* [The problem]:
Return, exactly as written, the line containing "Add a pop of" and every line after it to the end of the records below, with no pictures.

Start of Records supplied

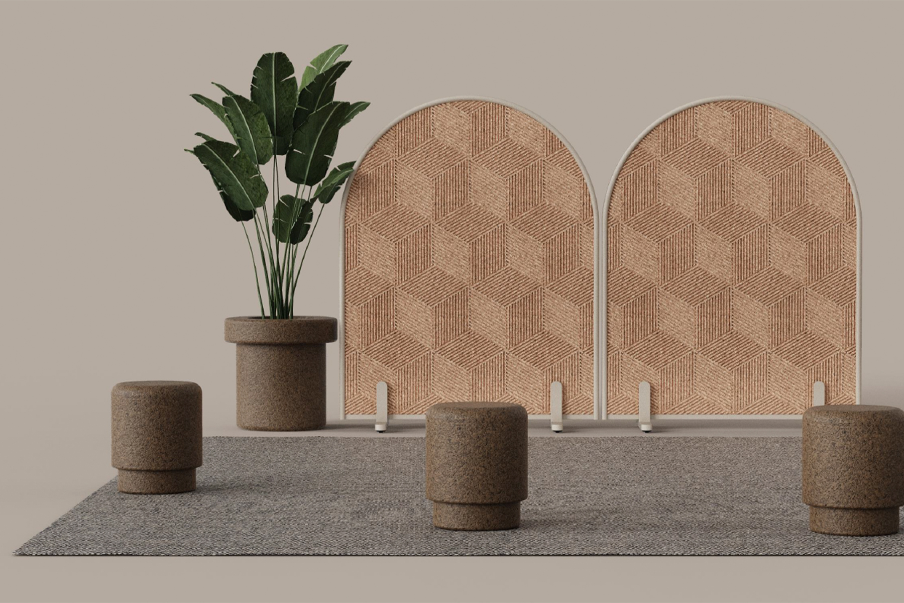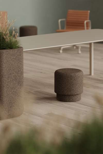 Pouf d’assise en liège expansé, 100% naturel et acoustique.
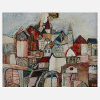 Blick über Dächer und Türme einer bulgarischen Stadt, pastose expressive Malerei mit breitem Pinselduktus und partieller Goldhöhung, rechts unten kyrillisch monogrammiert "ИМ [lat.: IM]", rückseitig bulgarisches und lateinisches Etikett, hier Infos zum Künstler und Gemälde "Jlia Milkov, geboren 1927, Jitel, Material: ... Pappe, Technik: Ölfarbe" und datiert "XII.[19]97 г. [Dezember 1997]", gerahmt, Falzmaße ca. 40 x 50 cm. Künstlerinfo: bulgarisch Илия Милков, auch Iliya Milkow, Milkoff bzw. Iliya Milkov Varbenov, bulgarischer Maler, Cartoonist und Zeichner (1927 Stavertsi [Ставерци] bei Plewen bis 2009), erste künstlerische Ausbildung in Stavertsi, Studium in Orjachowo und Wraza, ab 1950 Karikaturist für eine lokale Zeitung, ab 1967 Mitglied im bulgarischen Künstlerverband, beschickte unter anderem Kunstausstellungen in Sofia, Plovdiv, Ruse, Oreshak und Nikopol sowie in Mexiko, Russland, Polen, der CSSR, dem Irak und Paris, Ehrung mit dem Orden „Kyrill und Method“ 1. und 2. Grades für Verdienste in der Bildenden Kunst und wurde zum Ehrenbürger von Plewen ernannt, Quelle: Internet.
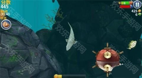 4、鲨鱼看见石头里面的一个大球不要碰,会被炸死。
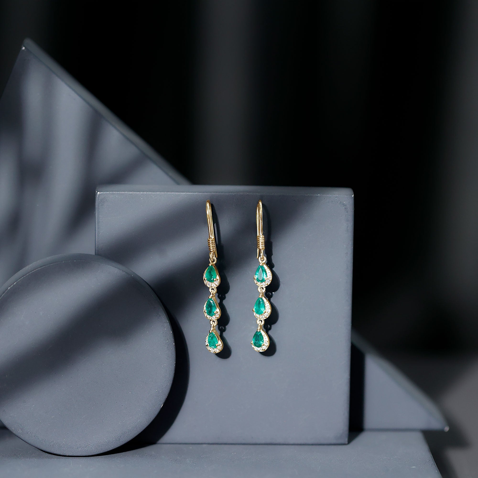 Add a pop of green to your everyday look with these Certified Emerald Dangle Earrings. The beautiful pear-cut emeralds dangle with Diamond accents, making them a fascinating addition to your jewelry collection. These solid gold earrings are here to enhance your radiance and warmth. Wear your greens all day, every day with these must-have earrings from Rosec Jewels.
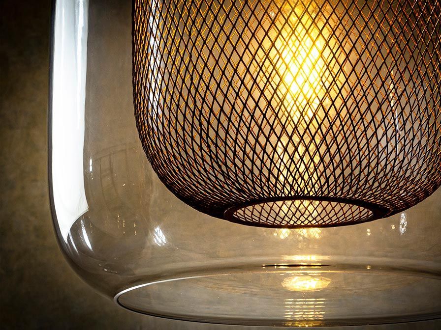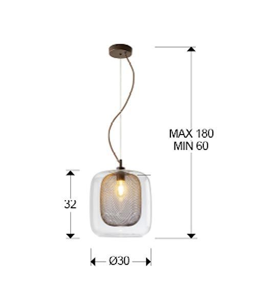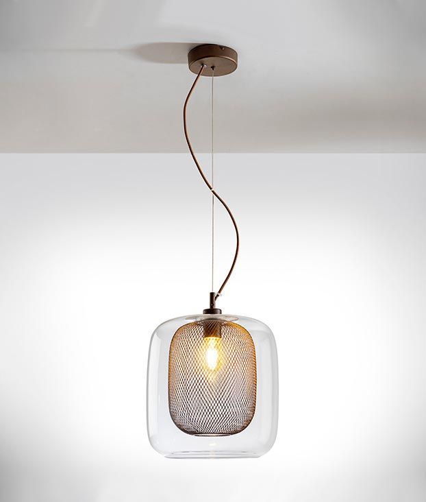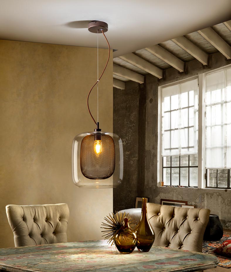 Lámpara de techo de diseño rústico, modelo FOX. Ideal para la iluminación decorativa de interiores. Fabricado en metal y doble tulipa de cristal y otro de malla metálica. Acabado en color chocolate. Fuente de luz cálida por 1 bombilla E27 LED 8W regulable 2700K (no incluida). Voltaje 110-220V.
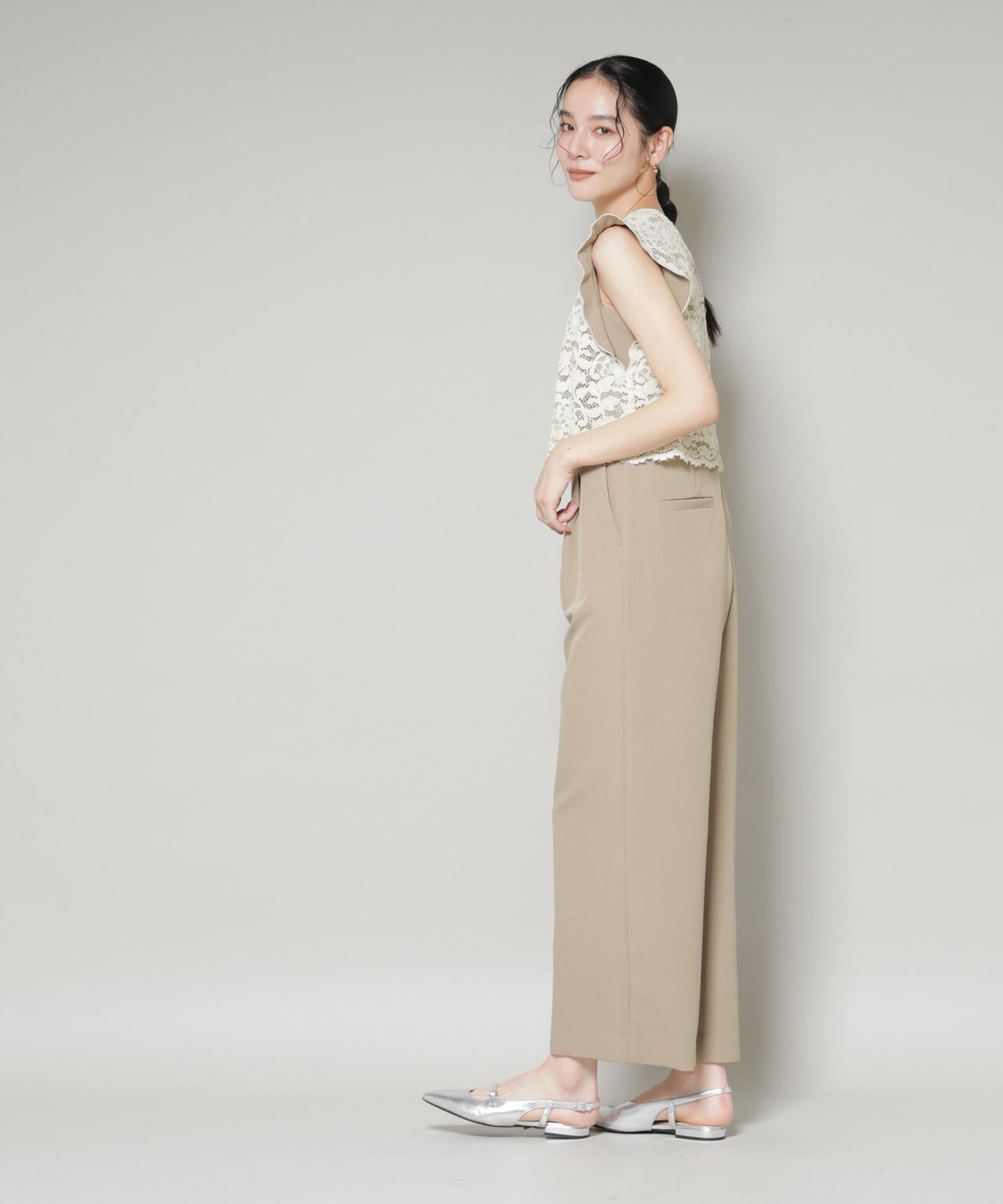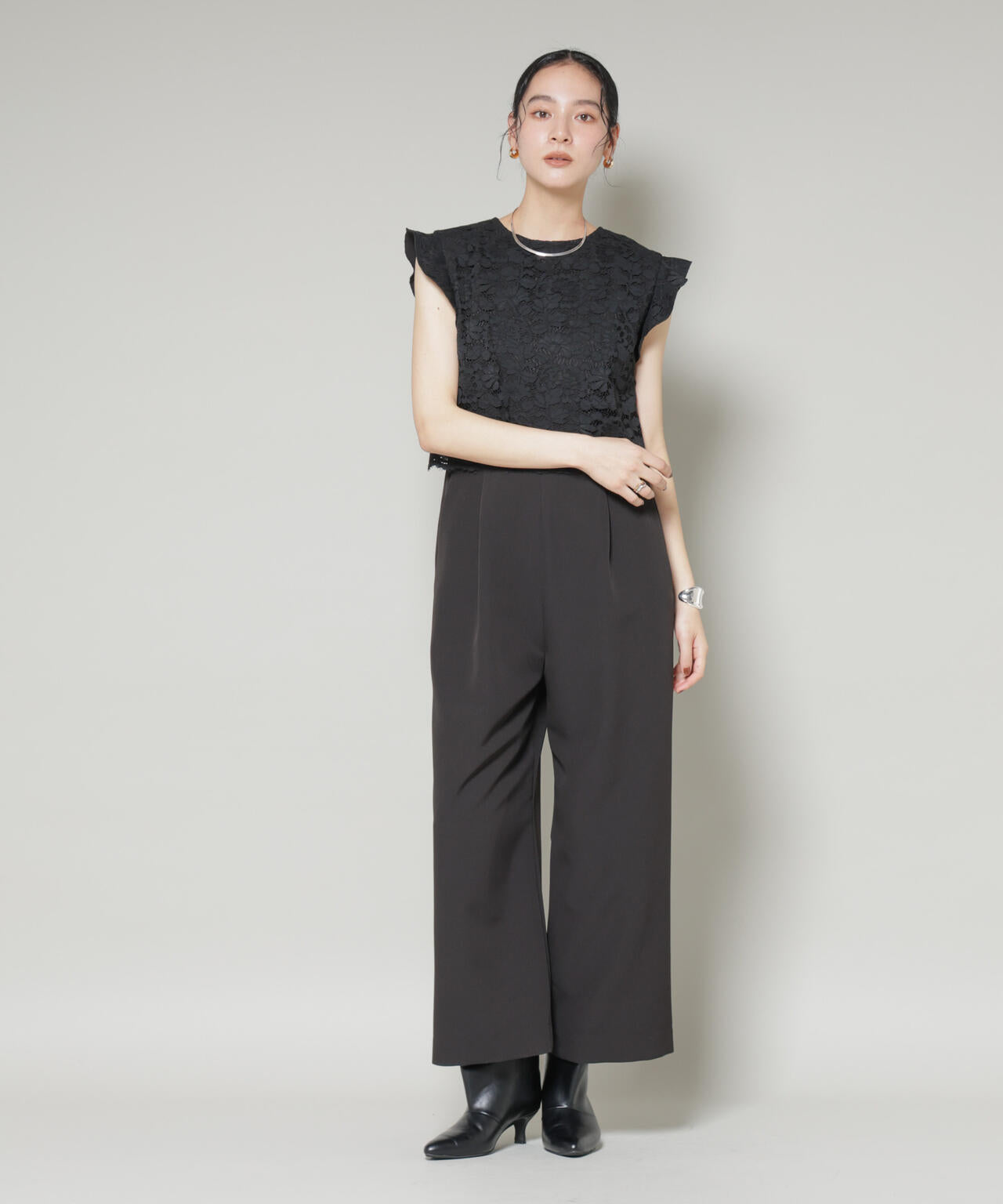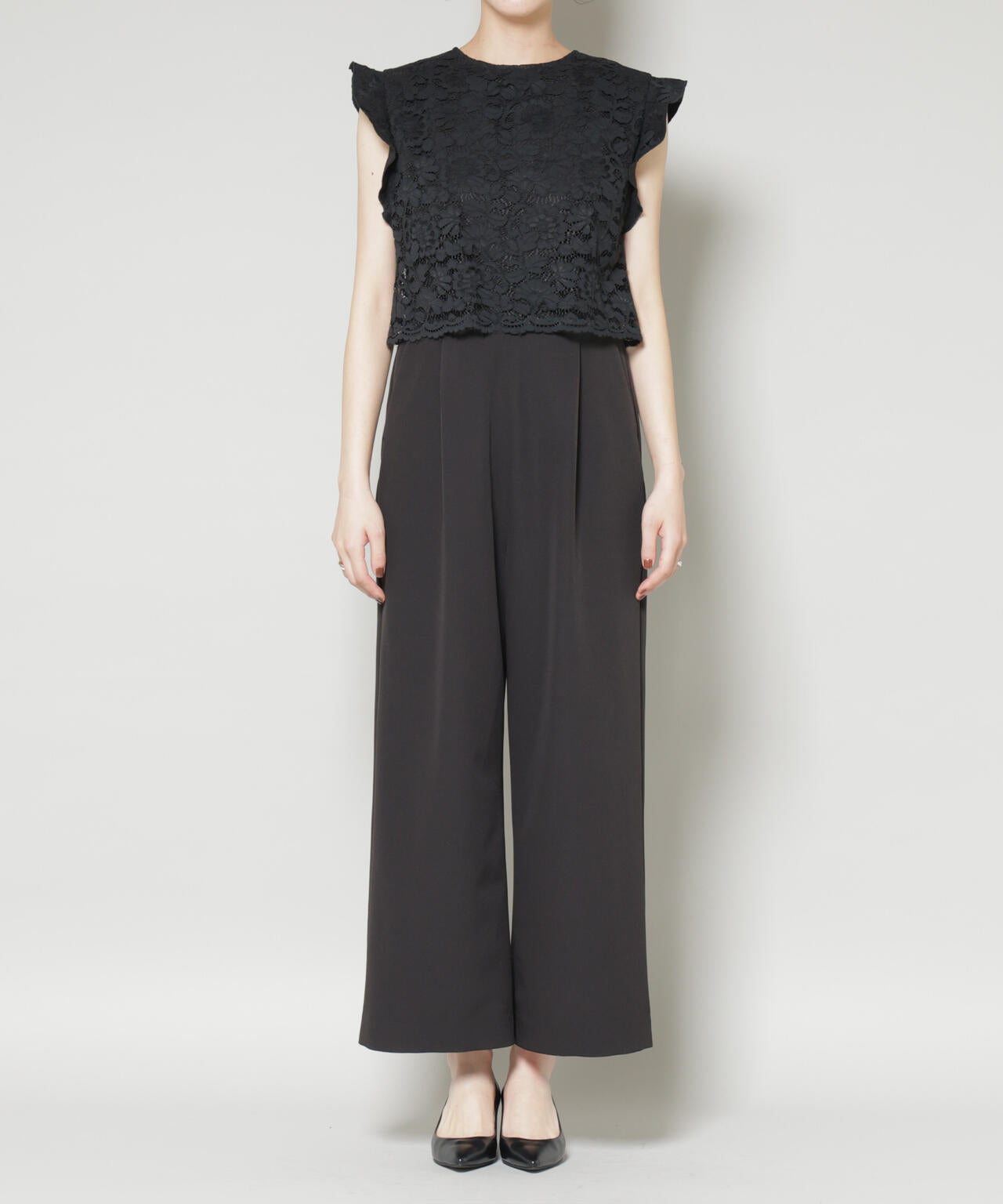繊細なレーストップスをドッキングしたオールインワン。大人フェミニンな要素をプラスしたデザインで、オケージョンシーンからお呼ばれ、セレモニーまで幅広く重宝する一着です。

End of Records supplied

* [Answer section]:
 Add a pop of green to your everyday look with these Certified Emerald Dangle Earrings. The beautiful pear-cut emeralds dangle with Diamond accents, making them a fascinating addition to your jewelry collection. These solid gold earrings are here to enhance your radiance and warmth. Wear your greens all day, every day with these must-have earrings from Rosec Jewels.
 Lámpara de techo de diseño rústico, modelo FOX. Ideal para la iluminación decorativa de interiores. Fabricado en metal y doble tulipa de cristal y otro de malla metálica. Acabado en color chocolate. Fuente de luz cálida por 1 bombilla E27 LED 8W regulable 2700K (no incluida). Voltaje 110-220V.
繊細なレーストップスをドッキングしたオールインワン。大人フェミニンな要素をプラスしたデザインで、オケージョンシーンからお呼ばれ、セレモニーまで幅広く重宝する一着です。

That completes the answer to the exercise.